Vargas has also made a pet project out of purging the phrase “illegal immigrants” from the journalistic lexicon.  Although he was unsuccessful in convincing the powers that be at the Associated Press and the New York Times, he did receive affirmative responses from NBC, as well as several college newspapers, including the Louisville Cardinal.

“… I am not illegal,” Vargas said. “Because human beings are not, and cannot be, illegal.”

Although his passionate coverage of immigration issues makes his articles likely to go viral, he tries his best to remain true to the cause for which he is fighting. Becoming a celebrity was simply not on his to-do list. To illustrate his point, he held up a copy of the Oct. 3 LEO Weekly, which features a dominant photo of Vargas and the headline, “Out of the Shadows.”

Brian Buford, director of LGBT services, introduces Vargas.

“I’m a little uncomfortable with this,” he said, “I told the guy who interviewed me not to make my photo this big. I don’t want this to become ‘The Jose Show’.”

Vargas also recognized that no matter how well known his face becomes, he and other undocumented immigrants could not win their fight alone; they would need support from American citizens.

He concluded his thoughts by encouraging his audience “to become a part of the conversation.”

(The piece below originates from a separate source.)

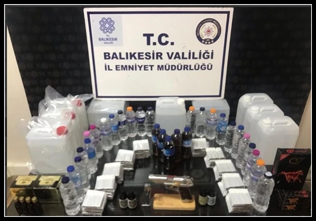 dinilen bilgiye göre, KOM ekipleri, Edremit ilçesinde sahte ve kaçak alkol üretimi ve satışı yapıldığı bilgisi üzerine çalışma başlattı. Yapılan çalışmalar sonucunda, ilçede 3 ayrı adrese operasyon düzenlendi. Operasyonlarda, 1 adet Ruger marka 9 milimetre çapında tabanca ve 1 adet şarjör, 8 adet 5 litrelik plastik bidonlar içerisinde etil alkol, 1 adet 5 litrelik plastik bidon içerisinde el yapımı alkol, 11 adet yarım litrelik plastik pet içerisinde el yapımı votka, 13 adet yarım litrelik plastik pet içerisinde el yapımı rakı, 5 adet yarım litrelik plastik pet içerisinde el yapımı viski, 4 adet cam şişe içerisinde viski aroması, bin adet doldurulmuş makaron sigara ve 46 adet cinsel içerikli ürün ele geçirildi. Operasyonda gözaltına alınan 3 şüpheli şahıs hakkında tahkikat başlatıldı. Şüphelilere, 5607 sayılı Kaçakçılıkla Mücadele Kanunu'nun 3. maddesi uyarınca 3 yıldan 8 yıla kadar hapis ve 100 bin güne kadar adli para cezası uygulanabileceği belirtildi.

Katie Keeling, an freshman who is considering a major in fine art, is a resident at U of L’s LGBTQ-themed Rustin Community, said: “It’s a lot easier to be accepting of undocumented immigrants when you hear their stories and realize that it’s not as simple as we (might want to) think it is…We (at Rustin) live by nonviolence principles, and you can tell that Jose (Vargas) has made a lot of progress by using nonviolence principles. He reaches a lot of people through the media, not through violence.”

The Office of LGBT Services also hosted an after-party at Amicí Café, where the discussion continued. Any who attended were able to meet Vargas face-to-face and ask any questions that they had not had answered.